PROBLEMATYCZNA WIEDZA
Ustalenie, czy i kiedy pośrednik dowiedział się, że konkretna informacja może naruszać prawo, jest bardzo problematyczne. Czy sam fakt, że pośrednik moderuje treści w swoim serwisie (a więc ktoś to wszystko czyta!), oznacza, że wie o naruszeniach prawa? A co, jeśli moderacja jest półautomatyczna i polega tylko na usuwaniu wulgaryzmów? Czy każde zgłoszenie, bez względu na treść, pośrednik powinien traktować jako wiarygodne? W praktyce te dylematy muszą rozstrzygać sądy.
„Zauważ i zdejmij”
Na świecie rozwinęły się różne warianty warunkowej odpowiedzialności pośredników za treść, różniące się przede wszystkim rodzajem reakcji, której prawo oczekuje od pośrednika po otrzymaniu zgłoszenia. Najczęściej spotykanym i przyjętym także w Polsce jest wariant określany angielskim terminem notice & takedown (ang. ‘zauważ i zdejmij’).
W tym wariancie pośrednik nie ponosi odpowiedzialności tak długo, jak długo nie wie, że na jego serwerze lub platformie internetowej znajduje się treść, która narusza czyjeś prawa lub prawo powszechnie obowiązujące. Od momentu, w którym został o tym poinformowany przez samego pokrzywdzonego albo odpowiedni organ państwowy (policję, sąd, prokuraturę), może już być pociągnięty do odpowiedzialności – chyba że odpowiednio zareaguje, czyli usunie sporną treść. W niektórych systemach prawnych, zanim ją usunie, musi jednak zawiadomić autora i wysłuchać jego racji.

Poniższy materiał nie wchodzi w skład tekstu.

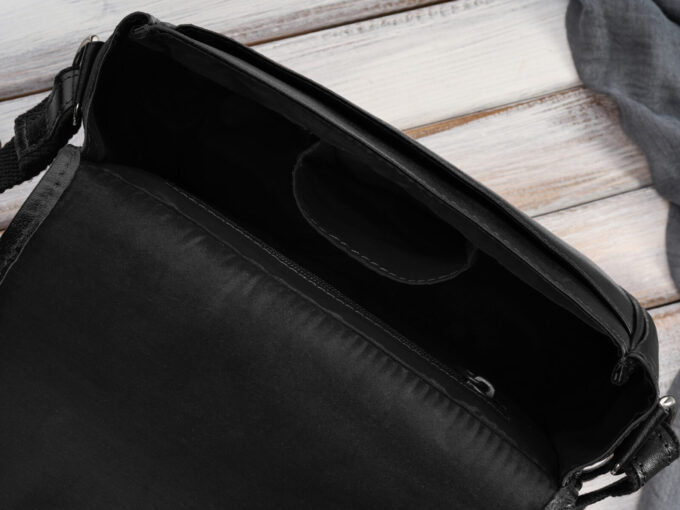 - Pod klapką znajduje się pojemna komora główna, wyłożona elegancką, materiałową podszewką zabezpieczającą.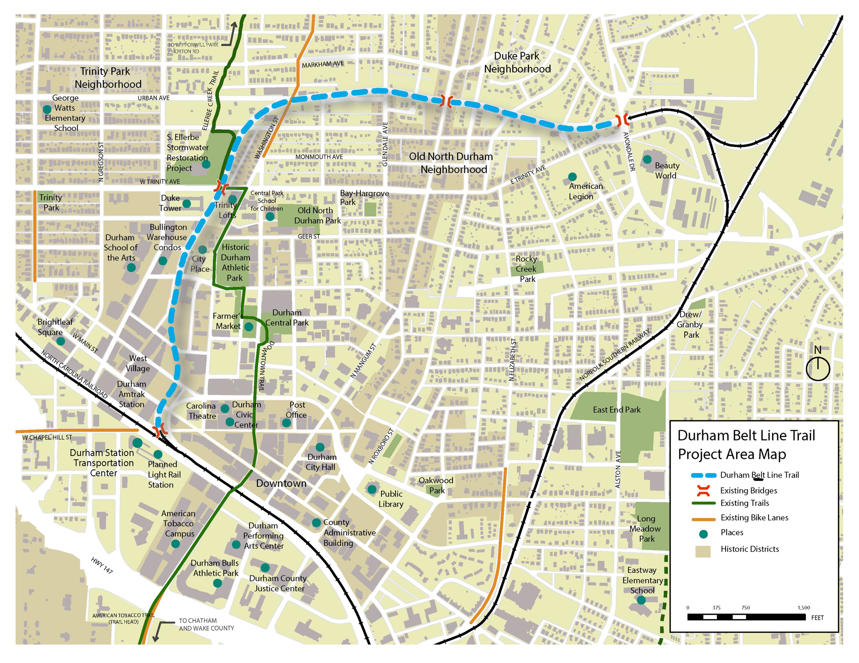 The 1.8-mile Durham Rail Trail will serve as a new pedestrian and bicycle corridor that links neighborhoods, businesses, parking and residents to the evolving downtown and nightlife. The proposed amenities will include overlook views to urban and open space vistas, vegetated parklike character with site furniture, cultural public art displays, programmable urban opportunities and connection to adjacent developments. In addition, the trail corridor reclaims a portion of the unused Norfolk and Southern rail bed that connects Avondale Ave in North Durham to the Durham Station multimodal transportation hub.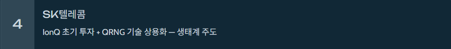 - SK텔레콤: 아이온큐에 초기 투자했을 뿐만 아니라, 양자난수발생(QRNG) 기술을 상용화하며 생태계를 주도하고 있습니다.
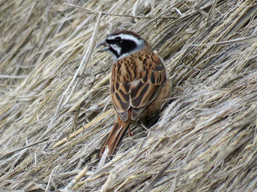 カシラダカの胸はホオジロと違い縦班があることなどを教えて頂けるのも探鳥会ならでは。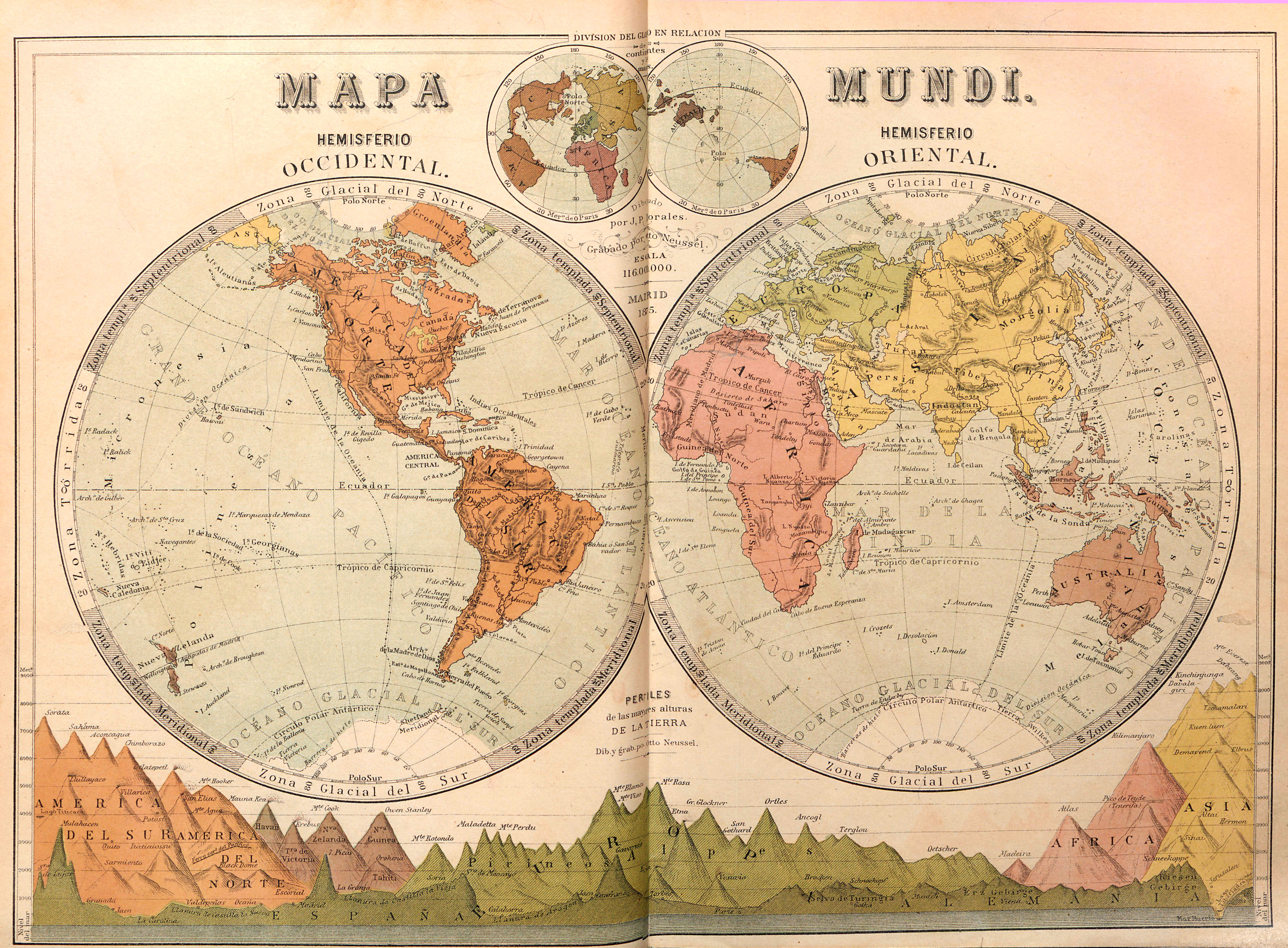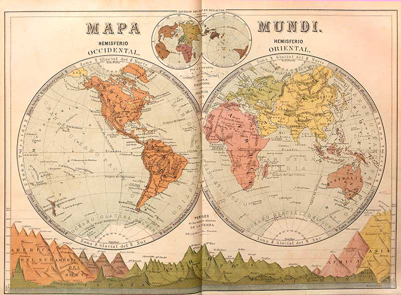 As well as showing the Western (Occidental) Hemisphere and the Eastern (Oriental) Hemisphere, there is a small insert double hemisphere map of the Northern and Southern Hemispheres.

Polskie prawo tego dodatkowego etapu nie przewiduje. Jeśli pośrednik usunie sporną treść, będzie zwolniony z odpowiedzialności. Oczywiście, właściciel serwera czy platformy internetowej nadal może odmówić i pozostawić treść opublikowaną (np. jeśli uzna zgłoszenie za niewiarygodne albo uzna racje autora), ale wówczas naraża się na odpowiedzialność.
Odpowiedzialność za opublikowanie treści naruszających prawo w pierwszym rzędzie ponosi sam publikujący. W polskim prawie pośrednik (np. hostujący treść) odpowiada tylko, jeśli wie o naruszenia prawa i nie reaguje. Pośrednik nie ma obowiązku monitorowania i oceniania informacji, jakie pojawiają się na jego platformie lub serwerze.
SPRAWA PORTALU NASZAKALWARIA.PL
W 2010 r. burmistrz Kalwarii Zebrzydowskiej Augustyn Ormanty pozwał serwis NaszaKalwaria.pl. Zdaniem burmistrza 18 komentarzy, które opublikowano w serwisie, naruszało jego dobra osobiste. Wiele z nich stanowiło krytykę działań burmistrza. Tylko niektóre można było uznać za naprawdę obraźliwe: m.in. burmistrz został nazwany „baranem”, wypowiadane były też opinie na temat stanu jego mózgu.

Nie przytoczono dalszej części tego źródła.